**EXERCISE DATA**
Content starts
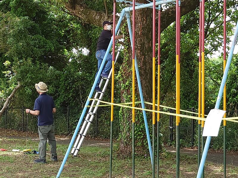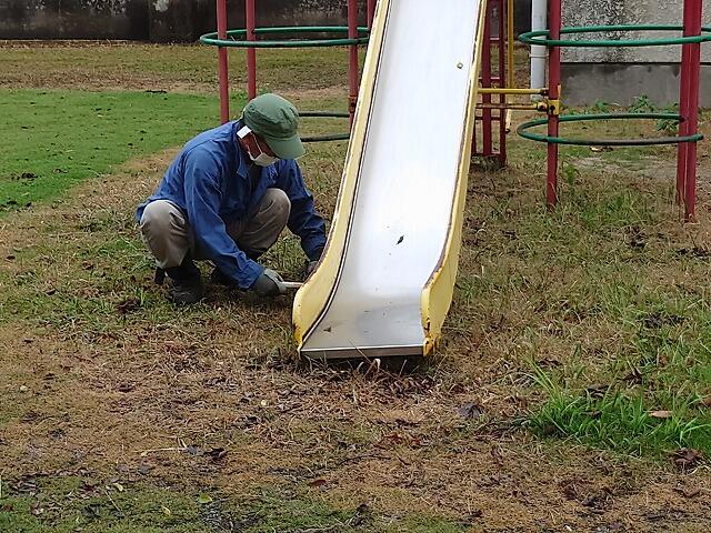 除草作業や草刈りの後には樹木消毒もしていただきました。高木が多いのですが、機械を使ってしっかりと消毒していただきました。子供たちが安心して過ごせます。
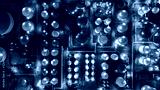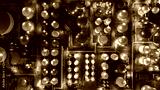 Aerial top view storage tank farm at night, Tank farm storage chemical petroleum petrochemical refinery product at oil terminal, Business commercial trade fuel and energy transport by tanker vessel.
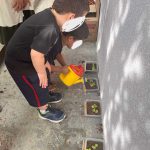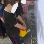 Nos inícios das aulas, sob orientação da professora, cada aluno irá regar sua planta.
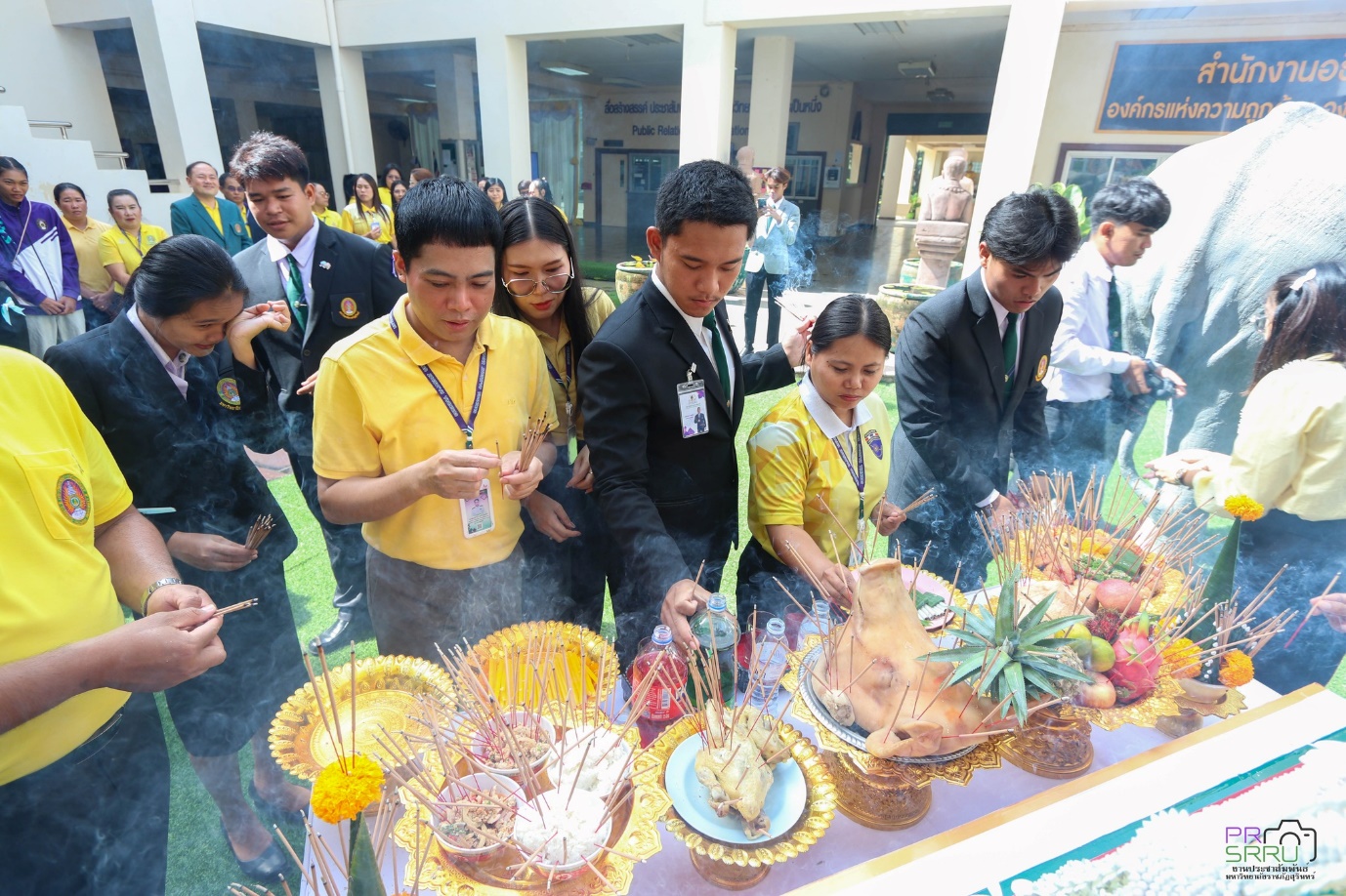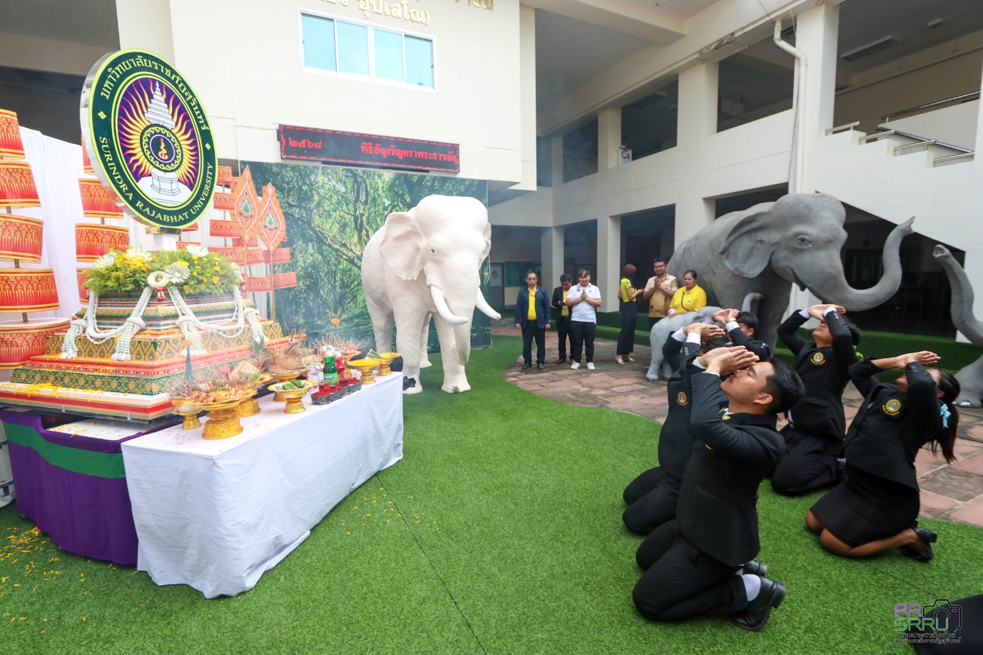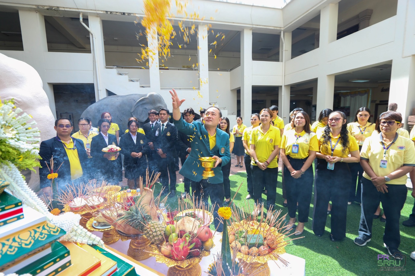 17 ก.ค. 2568 เวลา 09.09 น. กองพัฒนานักศึกษา ร่วมกับ องค์การนักศึกษาภาคปกติ มหาวิทยาลัยราชภัฏสุรินทร์ จัดพิธีบวงสรวงตราพระราชลัญจกร มหาวิทยาลัยราชภัฏสุรินทร์ เพื่อนำไปประกอบพิธีอัญเชิญตราพระราชลัญจกร และพิธีไหว้ครู สู่ขวัญน้องใหม่ ประจำปีการศึกษา 2568 ในช่วงเย็นวันนี้ที่สนามกีฬาศรีณรงค์ จังหวัดสุรินทร์ ในการนี้ รองศาสตราจารย์ ดร.ฉลอง สุขทอง อธิการบดี มอบหมายให้ รองศาสตราจารย์ ดร.อำนวย วัฒนกรสิริ รองอธิการบดีฝ่ายเทคโนโลยีและการสื่อสารองค์กร เป็นประธานในการประกอบพิธีดังกล่าว ณ ลานคชสราญ ชั้น 1 อาคารสำนักงานอธิการบดี (อาคาร 31) มหาวิทยาลัยราชภัฏสุรินทร์
Content ends
**PROBLEM DESCRIPTION**
In the copy, include no pictures, but repeat the listing exactly.

**ANSWER TO THE PROBLEM**
 除草作業や草刈りの後には樹木消毒もしていただきました。高木が多いのですが、機械を使ってしっかりと消毒していただきました。子供たちが安心して過ごせます。
 Aerial top view storage tank farm at night, Tank farm storage chemical petroleum petrochemical refinery product at oil terminal, Business commercial trade fuel and energy transport by tanker vessel.
 Nos inícios das aulas, sob orientação da professora, cada aluno irá regar sua planta.
 17 ก.ค. 2568 เวลา 09.09 น. กองพัฒนานักศึกษา ร่วมกับ องค์การนักศึกษาภาคปกติ มหาวิทยาลัยราชภัฏสุรินทร์ จัดพิธีบวงสรวงตราพระราชลัญจกร มหาวิทยาลัยราชภัฏสุรินทร์ เพื่อนำไปประกอบพิธีอัญเชิญตราพระราชลัญจกร และพิธีไหว้ครู สู่ขวัญน้องใหม่ ประจำปีการศึกษา 2568 ในช่วงเย็นวันนี้ที่สนามกีฬาศรีณรงค์ จังหวัดสุรินทร์ ในการนี้ รองศาสตราจารย์ ดร.ฉลอง สุขทอง อธิการบดี มอบหมายให้ รองศาสตราจารย์ ดร.อำนวย วัฒนกรสิริ รองอธิการบดีฝ่ายเทคโนโลยีและการสื่อสารองค์กร เป็นประธานในการประกอบพิธีดังกล่าว ณ ลานคชสราญ ชั้น 1 อาคารสำนักงานอธิการบดี (อาคาร 31) มหาวิทยาลัยราชภัฏสุรินทร์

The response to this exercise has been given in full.